Gemini CSO Cem Paya recently highlighted certain vulnerabilities in the SafeNet’s Hardware Security Modules (HSMs) that can risk users’ Bitcoin private keys.
The revelation comes at a time when Bitcoin security has become one of the topmost concerns of leading digital currency corporate houses. According to the available information, a large number of these Bitcoin companies utilize HSM-based models, manufactured by Safenet, to create and destroy private keys without actually revealing them to the attached trusted clients. This simply means that, on papers, a private key inside an HSM model can never be extracted. Mr. Paya, however, doesn’t agree.
In a company blogpost published last week, the Gemini CSO speaks of a design flaw in the SafeNet’s software that can disclose both public and private keys.
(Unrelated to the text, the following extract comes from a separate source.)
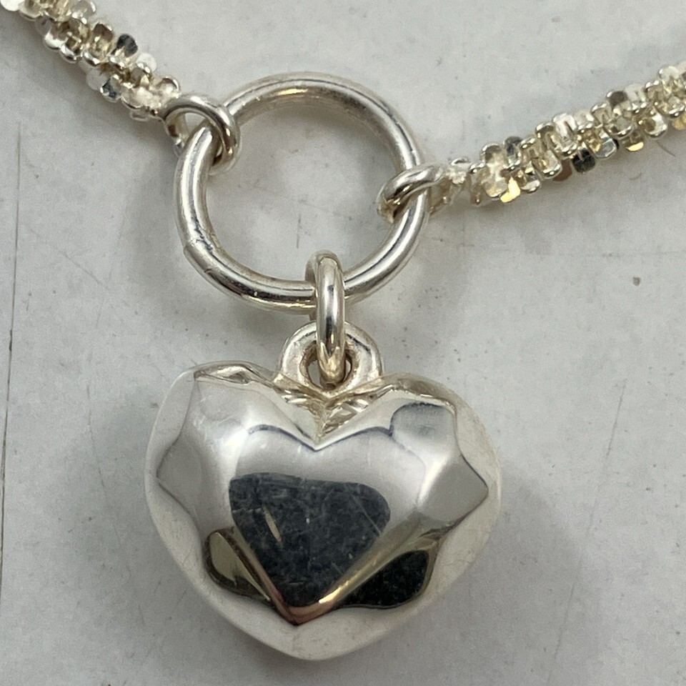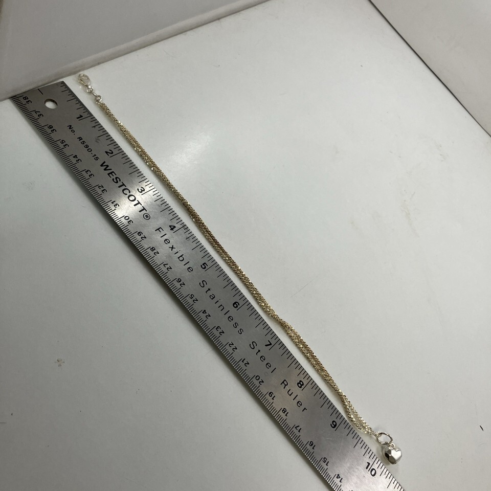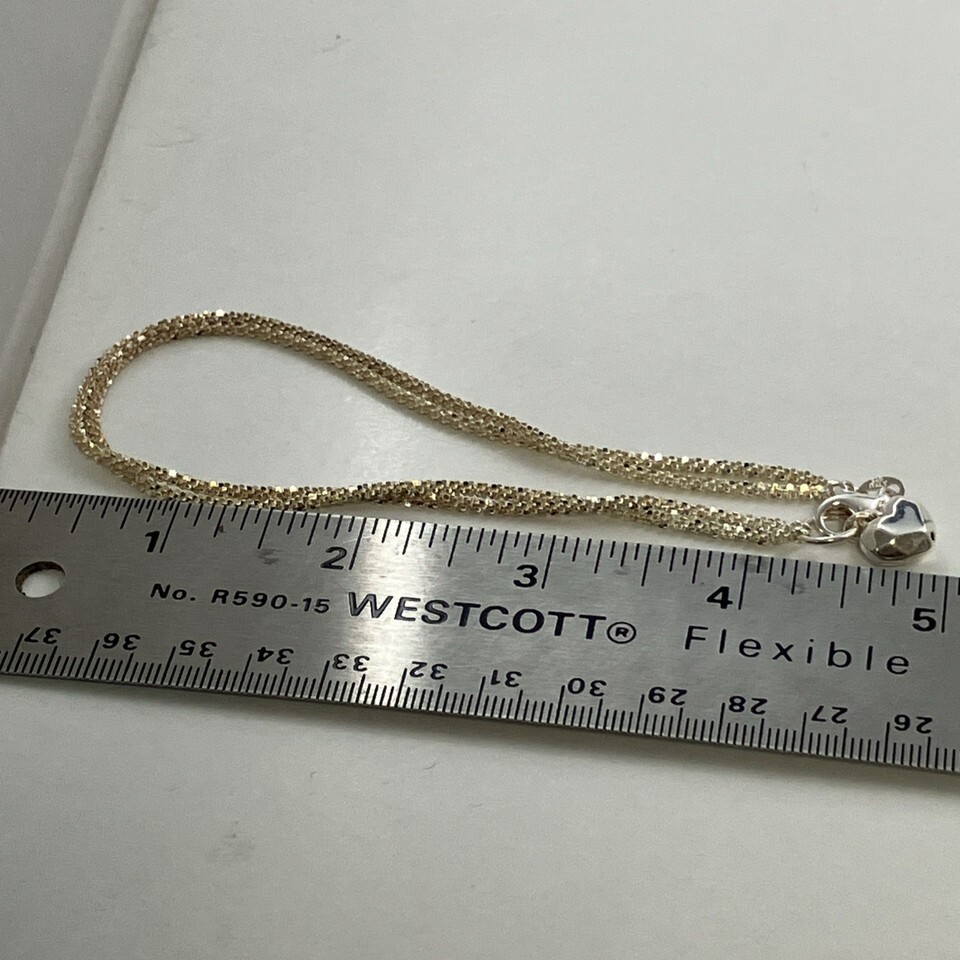 Italy Milor 925 Silver Twisted 10” Ankle Bracelet With Heart Charm SPARKLY!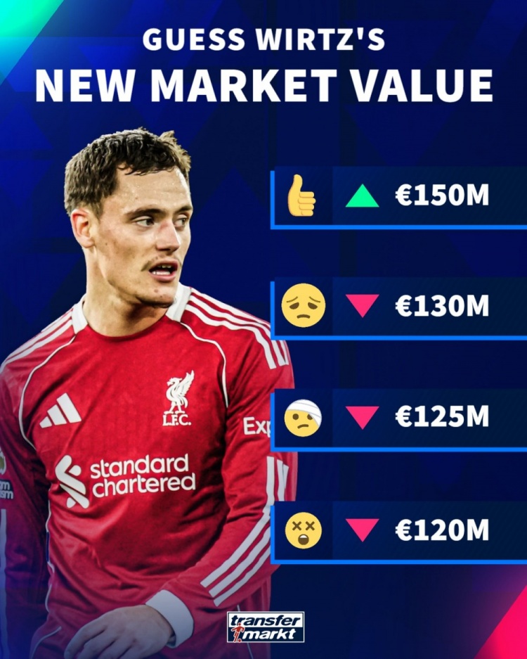 雷火官方10月16日讯 德国转会市场晒出图片,预热维尔茨身价更新。

He particularly addresses the Bitcoin users who are utilizing the SafeNet’s three HSMs, saying that their funds would be always at risk, for their keys would be vulnerable to the aforesaid software bug.
“Bitcoin is the one payment technology where possession of money can be boiled down to pure cryptographic capability: generating a signature with an ECDSA private key is money,” Paya added. “If you lose control of that private key, you lose the ability to spend your funds, plain and simple.”
Although Safenet released a fix for the aforementioned bug last week, it never shied away from calling this vulnerability as ‘high’. In a conversation with CoinDesk, a representative of the company called it a rare vulnerability that could still have been take care of, provided with the company’s several “usage and control policies.”
Paya meanwhile has announced to do a follow up post, in which he will be discussing all the technical details.